Early production of the series started on May 29, 2012, with Suzette Doctolero working as the creator, and lead writer, executive producer Nieva Sabit, creative director Jun Lana, director Andoy Ranay and Lilybeth G. Rasonable headed as the overall in-charge of the production. The series films in part in Lipa, Batangas and Manila. It is set in a fictional docks and port terminal, where the shipping company of Carlos Samonte. On July 24, 2012, Alden Richards announced that the series was extended to seven weeks. It was originally slated to air for eight weeks.

===Casting===
Late April 2012, GMA Network announced that they will give Alden Richards and Louise delos Reyes their own drama series, as the network pushes the love team into full stardom. The Alden-Louise tandem started gaining popularity and huge fan base after their first ever project together, the drama-fantasy series, Alakdana, which was a hit.

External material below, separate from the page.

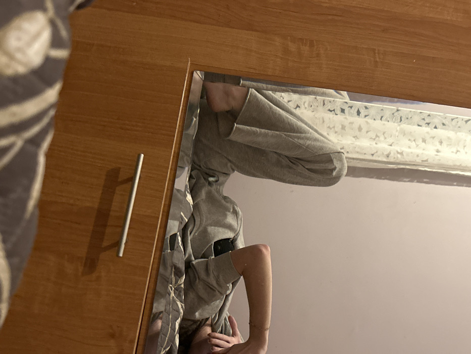 A person is reflected in a mirror attached to a wooden closet or cabinet. The individual wears a gray hooded sweatshirt and is positioned partially in the frame, facing the mirror. The mirror reflects a white floral patterned curtain and a blank wall behind the subject. The frame around the mirror is wooden and matches the cabinet. A silver handle is on the front of the cabinet, casting a shadow.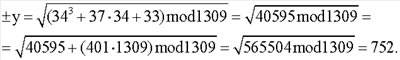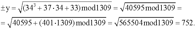 где a=37, b=33, F(q)=1309, сообщение 1000102=3410.

It followed by several hit series, such as, the popular teeny-bop series Tween Hearts and its movie version Tween Academy: Class of 2012, and the recently concluded primetime series My Beloved, a Dingdong Dantes-Marian Rivera starrer, which they played supporting characters. In one of his interviews, Richards said that he is overwhelmed with the network's support for the love team.

In one of her interviews, the actress stated that her decision to switched network rooted on her cravings to work in a different environment, work with some old folks again, and try something new and more challenging roles.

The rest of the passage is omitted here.